Wentworth Institute of Technology, Massachusetts
April 22, 2022
April 22, 2022
April 23, 2022
4
10.18260/1-2--42161
https://peer.asee.org/42161
310
I graduated from Wentworth Institute of Technology in 2017 with a Bachelors in biomedical engineering and am currently pursuing a Masters in electrical engineering, focusing on antenna engineering. I have a strong passion for learning about all things related to science and engineering, as well as about history, culture, and international relations. I am an automotive and technology enthusiast with a great interest in space exploration.
Dr. Kai Ren received the Ph. D. degree in electrical and computer engineering from The Ohio State University, Columbus in 2017. Currently, he is an assistant professor in Electrical and Computer Engineering at Wentworth Institute of Technology.
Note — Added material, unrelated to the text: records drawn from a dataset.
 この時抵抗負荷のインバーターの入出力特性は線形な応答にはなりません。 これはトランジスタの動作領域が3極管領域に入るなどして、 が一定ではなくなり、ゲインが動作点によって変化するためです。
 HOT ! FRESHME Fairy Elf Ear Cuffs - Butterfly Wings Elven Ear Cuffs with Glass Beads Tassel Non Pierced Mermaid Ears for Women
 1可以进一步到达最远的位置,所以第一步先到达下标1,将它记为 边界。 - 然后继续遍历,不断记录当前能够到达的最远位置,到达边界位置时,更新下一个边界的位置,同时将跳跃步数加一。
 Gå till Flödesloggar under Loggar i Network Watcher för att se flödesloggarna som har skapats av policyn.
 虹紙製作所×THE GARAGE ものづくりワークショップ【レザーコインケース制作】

He is a member of IEEE. He has published 17 journal and conference papers and holds two WO patents. His current research includes platform-based antennas, antenna characteristic modes, direction finding systems and algorithms, microwave imaging, radar signal processing, scattering problems, and medical electro-textile sensors.
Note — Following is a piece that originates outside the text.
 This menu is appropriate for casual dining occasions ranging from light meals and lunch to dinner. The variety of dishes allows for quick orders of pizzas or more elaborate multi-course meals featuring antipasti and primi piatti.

A CubeSat is a miniaturized satellite that has become increasingly popular as a way for smaller academic and commercial institutions to develop the skills and knowledge involved in launching space missions. CubeSats are low-cost in their design and deployment, which can perform many functions that larger satellites can such as imaging, space specific research, and inter-satellite/deep space communications. However, they are fundamentally limited by their strict size and mass requirement. This results in challenges on the antenna design, which must achieve required performance to communicate with ground stations. Conventional CubeSat-based antennas have fundamental limitations in low realized gain and narrow frequency bandwidth. This paper presents a high gain and wide bandwidth antenna by utilizing a deployable Log-Periodic Dipole Array (LPDA) that still provides enough surface area for the use of solar panels. This design should be able to achieve a 2:1 bandwidth ratio with a very low VSWR throughout the bandwidth while maintaining a gain of approximately 10 dBi. In comparison, most typical CubeSat antenna designs only achieve bandwidths ranging approximately from 1% to 45% with comparable levels of gain. It will operate in the S band ranging from 2 GHz to 4 GHz, which will be used mainly for communications, telemetry, and high data-rate downlinks. Due to the wide bandwidth, it will allow the CubeSat to send and receive multiple types of data simultaneously. This could be useful for more complicated missions that require large amounts of data to be collected, as well as allowing the CubeSat to achieve higher data transmission rate when in range of ground stations.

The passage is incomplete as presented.